[英]How does operator precedence and typecasting work here
Okay, so I'm writing working on pointers here and I'm not sure how this piece of code works. 好的,所以我在这里编写指针的工作,并且不确定这段代码如何工作。
typedef struct linkedlist {
void *obj;
struct linkedlist *next;
} linkedlist;
linkedlist *p;
//some code here
int *newpointer = (*(int *)(p->next)->obj); //code chunk in question
If I need to typecast the void pointer 'obj' in the struct pointed to by p->next (assume it already exists) and copy it to 'newpointer' int pointer, am I doing it right? 如果我需要在p-> next所指向的结构中类型转换void指针'obj'(假设它已经存在)并将其复制到'newpointer'int指针,我是否正确?

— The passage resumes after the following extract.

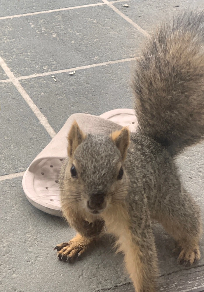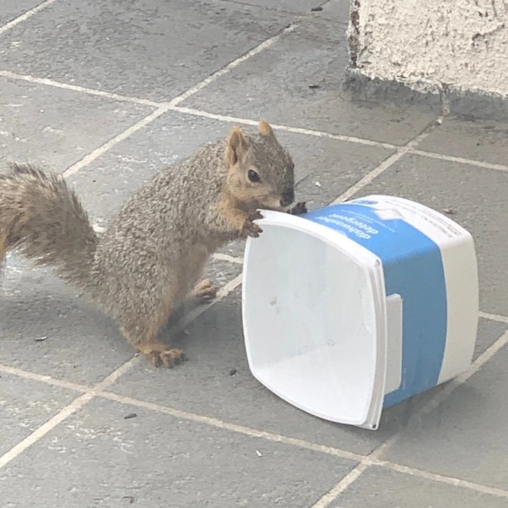 지난주부터 비가 조금씩 내렸다 그쳤다 합니다. 비에 해바라기씨 껍질이 젖으면 청소하기 힘들어서 피더를 베란다 구석에 넣고 저 아마존 식기세척기 세제통으로 덮어주었지요. 그런데 1시 30분쯤 우당탕탕!!! 해서 내다보니 다람쥐가 왔어요. 안에 뭐가 있나 통 안쪽을 여러 번 봤습니다.
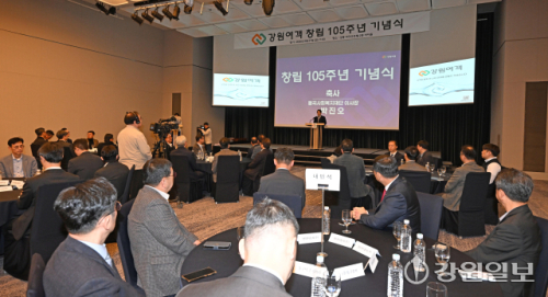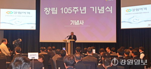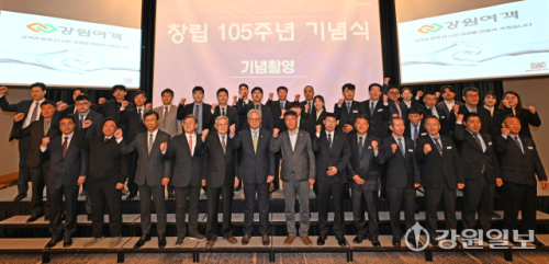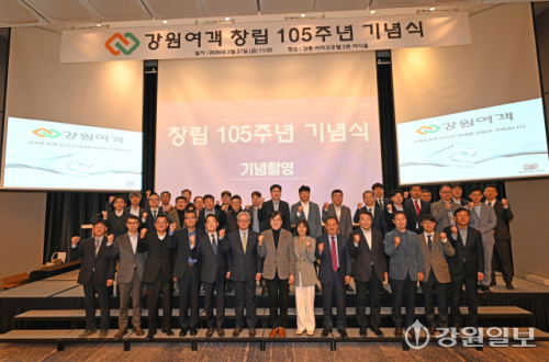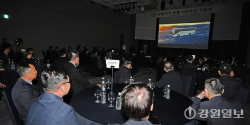 27일 강릉 씨마크호텔에서 열린 강원여객자동차㈜ 창립 105주년 기념식에서 김연성 강원여객 대표를 비롯해 김광래 도 경제부지사, 박진오(강원일보 사장) 동곡사회복지재단 이사장, 박덕영 강원대 강릉캠퍼스총장, 김형익 민주평통 강릉시협의회장, 나영진 강릉상공회의소 회장, 박학도 도 버스운송사업조합 이사장, 정의선 ㈜빌텍 사장, 문세원 고용노동부 강릉지청장, 조병훈 중소벤처기업진흥공단 강원영동지부장, 박경원 한국산업인력공단 강원동부지사장 등이 참석한 가운데 열렸다. 이번 기념식은 도내 유일한 100년 기업인 강원여객이 1921년 창립 이후 105년간 강원도민의 발 역할을 해온 발자취를 되돌아보고, 지속 가능한 지역 향토기업으로서 미래 비전을 공유하기 위해 마련됐다. 강릉=권태명기자

int *newpointer = (*(int *)(p->next)->obj); //code chunk in question
If I need to typecast the void pointer 'obj' in the struct pointed to by p->next (assume it already exists) and copy it to 'newpointer' int pointer, am I doing it right? 如果我需要在p-> next所指向的结构中类型转换void指针'obj'(假设它已经存在)并将其复制到'newpointer'int指针,我是否正确?
No. The compiler would have told you that. 不。编译器会告诉您的。 You don't need all those parentheses either: 您也不需要所有这些括号:
int *newpointer = (int *)p->next->obj;
You are trying to initialize the pointer newpointer
with the dereferenced value of the casted pointer which is an error. 您正在尝试使用转换指针的取消引用值初始化指针newpointer
,这是一个错误。 Gcc says: 海湾合作委员会说:
error: invalid conversion from 'int' to 'int*' 错误:从“ int”到“ int *”的无效转换
Remove the call to the dereference operator: 删除对取消引用运算符的调用:
int *newpointer = (int*) p->next->obj; // Also stripped unnecessary parentheses.
In C, the typecast operator has lower precedence than the member access operators. 在C语言中,类型转换运算符的优先级低于成员访问运算符的优先级。 Hence, 因此,
(int*)p->next->obj = (int*)(p->next->obj) = (int*)((p->next)->obj)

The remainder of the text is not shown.